An exact copy of the listing is what is needed; please output it in full.

> INPUT:
──────────────────────────────
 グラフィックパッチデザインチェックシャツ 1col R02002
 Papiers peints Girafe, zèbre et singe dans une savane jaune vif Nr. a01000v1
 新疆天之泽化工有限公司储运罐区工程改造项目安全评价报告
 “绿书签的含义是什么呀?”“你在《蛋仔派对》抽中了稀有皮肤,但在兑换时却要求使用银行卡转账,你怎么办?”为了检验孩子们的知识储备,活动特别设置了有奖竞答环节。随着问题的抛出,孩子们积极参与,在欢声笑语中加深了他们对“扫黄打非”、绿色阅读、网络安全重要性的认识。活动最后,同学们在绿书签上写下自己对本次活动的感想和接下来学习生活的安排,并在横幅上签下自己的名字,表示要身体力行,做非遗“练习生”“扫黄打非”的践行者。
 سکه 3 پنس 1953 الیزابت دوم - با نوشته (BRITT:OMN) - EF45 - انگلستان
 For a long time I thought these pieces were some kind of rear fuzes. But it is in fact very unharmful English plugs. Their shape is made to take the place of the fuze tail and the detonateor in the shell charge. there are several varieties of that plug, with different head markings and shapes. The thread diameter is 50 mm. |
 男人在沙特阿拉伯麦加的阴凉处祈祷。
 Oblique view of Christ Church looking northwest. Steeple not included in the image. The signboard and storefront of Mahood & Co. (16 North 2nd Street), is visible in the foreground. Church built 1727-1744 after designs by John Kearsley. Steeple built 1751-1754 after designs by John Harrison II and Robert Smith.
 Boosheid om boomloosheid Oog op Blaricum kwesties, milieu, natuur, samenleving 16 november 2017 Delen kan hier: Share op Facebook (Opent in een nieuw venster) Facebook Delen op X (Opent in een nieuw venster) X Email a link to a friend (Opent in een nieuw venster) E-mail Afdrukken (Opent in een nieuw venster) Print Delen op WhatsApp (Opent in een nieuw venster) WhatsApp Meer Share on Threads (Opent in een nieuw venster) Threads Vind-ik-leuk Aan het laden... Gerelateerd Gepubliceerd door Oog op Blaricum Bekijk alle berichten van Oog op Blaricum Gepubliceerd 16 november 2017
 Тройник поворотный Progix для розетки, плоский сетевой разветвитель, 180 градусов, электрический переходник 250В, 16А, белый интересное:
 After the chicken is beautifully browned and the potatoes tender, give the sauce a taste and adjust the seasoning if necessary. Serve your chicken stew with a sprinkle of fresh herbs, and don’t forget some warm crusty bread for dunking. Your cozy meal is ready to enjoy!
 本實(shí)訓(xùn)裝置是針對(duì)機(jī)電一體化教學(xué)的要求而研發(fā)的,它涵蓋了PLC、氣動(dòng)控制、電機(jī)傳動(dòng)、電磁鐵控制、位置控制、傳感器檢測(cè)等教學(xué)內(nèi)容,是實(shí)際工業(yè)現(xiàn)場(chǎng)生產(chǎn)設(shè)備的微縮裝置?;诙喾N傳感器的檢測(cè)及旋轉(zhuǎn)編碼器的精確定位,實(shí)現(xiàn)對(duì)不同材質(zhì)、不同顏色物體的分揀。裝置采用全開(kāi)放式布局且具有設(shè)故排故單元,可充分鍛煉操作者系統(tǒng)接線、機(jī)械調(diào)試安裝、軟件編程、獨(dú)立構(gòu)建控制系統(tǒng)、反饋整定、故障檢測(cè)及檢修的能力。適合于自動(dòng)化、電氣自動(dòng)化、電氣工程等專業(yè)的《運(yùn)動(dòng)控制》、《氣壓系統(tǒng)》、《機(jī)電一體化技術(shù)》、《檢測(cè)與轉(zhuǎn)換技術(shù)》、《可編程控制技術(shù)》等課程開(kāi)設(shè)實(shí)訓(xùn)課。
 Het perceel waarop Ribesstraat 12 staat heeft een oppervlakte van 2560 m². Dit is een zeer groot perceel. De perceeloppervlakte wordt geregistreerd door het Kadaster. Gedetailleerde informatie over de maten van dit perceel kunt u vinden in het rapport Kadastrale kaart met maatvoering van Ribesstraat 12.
──────────────────────────────
> ANSWER:
 グラフィックパッチデザインチェックシャツ 1col R02002
 Papiers peints Girafe, zèbre et singe dans une savane jaune vif Nr. a01000v1
 新疆天之泽化工有限公司储运罐区工程改造项目安全评价报告
 “绿书签的含义是什么呀?”“你在《蛋仔派对》抽中了稀有皮肤,但在兑换时却要求使用银行卡转账,你怎么办?”为了检验孩子们的知识储备,活动特别设置了有奖竞答环节。随着问题的抛出,孩子们积极参与,在欢声笑语中加深了他们对“扫黄打非”、绿色阅读、网络安全重要性的认识。活动最后,同学们在绿书签上写下自己对本次活动的感想和接下来学习生活的安排,并在横幅上签下自己的名字,表示要身体力行,做非遗“练习生”“扫黄打非”的践行者。
 سکه 3 پنس 1953 الیزابت دوم - با نوشته (BRITT:OMN) - EF45 - انگلستان
 For a long time I thought these pieces were some kind of rear fuzes. But it is in fact very unharmful English plugs. Their shape is made to take the place of the fuze tail and the detonateor in the shell charge. there are several varieties of that plug, with different head markings and shapes. The thread diameter is 50 mm. |
 男人在沙特阿拉伯麦加的阴凉处祈祷。
 Oblique view of Christ Church looking northwest. Steeple not included in the image. The signboard and storefront of Mahood & Co. (16 North 2nd Street), is visible in the foreground. Church built 1727-1744 after designs by John Kearsley. Steeple built 1751-1754 after designs by John Harrison II and Robert Smith.
 Boosheid om boomloosheid Oog op Blaricum kwesties, milieu, natuur, samenleving 16 november 2017 Delen kan hier: Share op Facebook (Opent in een nieuw venster) Facebook Delen op X (Opent in een nieuw venster) X Email a link to a friend (Opent in een nieuw venster) E-mail Afdrukken (Opent in een nieuw venster) Print Delen op WhatsApp (Opent in een nieuw venster) WhatsApp Meer Share on Threads (Opent in een nieuw venster) Threads Vind-ik-leuk Aan het laden... Gerelateerd Gepubliceerd door Oog op Blaricum Bekijk alle berichten van Oog op Blaricum Gepubliceerd 16 november 2017
 Тройник поворотный Progix для розетки, плоский сетевой разветвитель, 180 градусов, электрический переходник 250В, 16А, белый интересное:
 After the chicken is beautifully browned and the potatoes tender, give the sauce a taste and adjust the seasoning if necessary. Serve your chicken stew with a sprinkle of fresh herbs, and don’t forget some warm crusty bread for dunking. Your cozy meal is ready to enjoy!
 本實(shí)訓(xùn)裝置是針對(duì)機(jī)電一體化教學(xué)的要求而研發(fā)的,它涵蓋了PLC、氣動(dòng)控制、電機(jī)傳動(dòng)、電磁鐵控制、位置控制、傳感器檢測(cè)等教學(xué)內(nèi)容,是實(shí)際工業(yè)現(xiàn)場(chǎng)生產(chǎn)設(shè)備的微縮裝置?;诙喾N傳感器的檢測(cè)及旋轉(zhuǎn)編碼器的精確定位,實(shí)現(xiàn)對(duì)不同材質(zhì)、不同顏色物體的分揀。裝置采用全開(kāi)放式布局且具有設(shè)故排故單元,可充分鍛煉操作者系統(tǒng)接線、機(jī)械調(diào)試安裝、軟件編程、獨(dú)立構(gòu)建控制系統(tǒng)、反饋整定、故障檢測(cè)及檢修的能力。適合于自動(dòng)化、電氣自動(dòng)化、電氣工程等專業(yè)的《運(yùn)動(dòng)控制》、《氣壓系統(tǒng)》、《機(jī)電一體化技術(shù)》、《檢測(cè)與轉(zhuǎn)換技術(shù)》、《可編程控制技術(shù)》等課程開(kāi)設(shè)實(shí)訓(xùn)課。
 Het perceel waarop Ribesstraat 12 staat heeft een oppervlakte van 2560 m². Dit is een zeer groot perceel. De perceeloppervlakte wordt geregistreerd door het Kadaster. Gedetailleerde informatie over de maten van dit perceel kunt u vinden in het rapport Kadastrale kaart met maatvoering van Ribesstraat 12.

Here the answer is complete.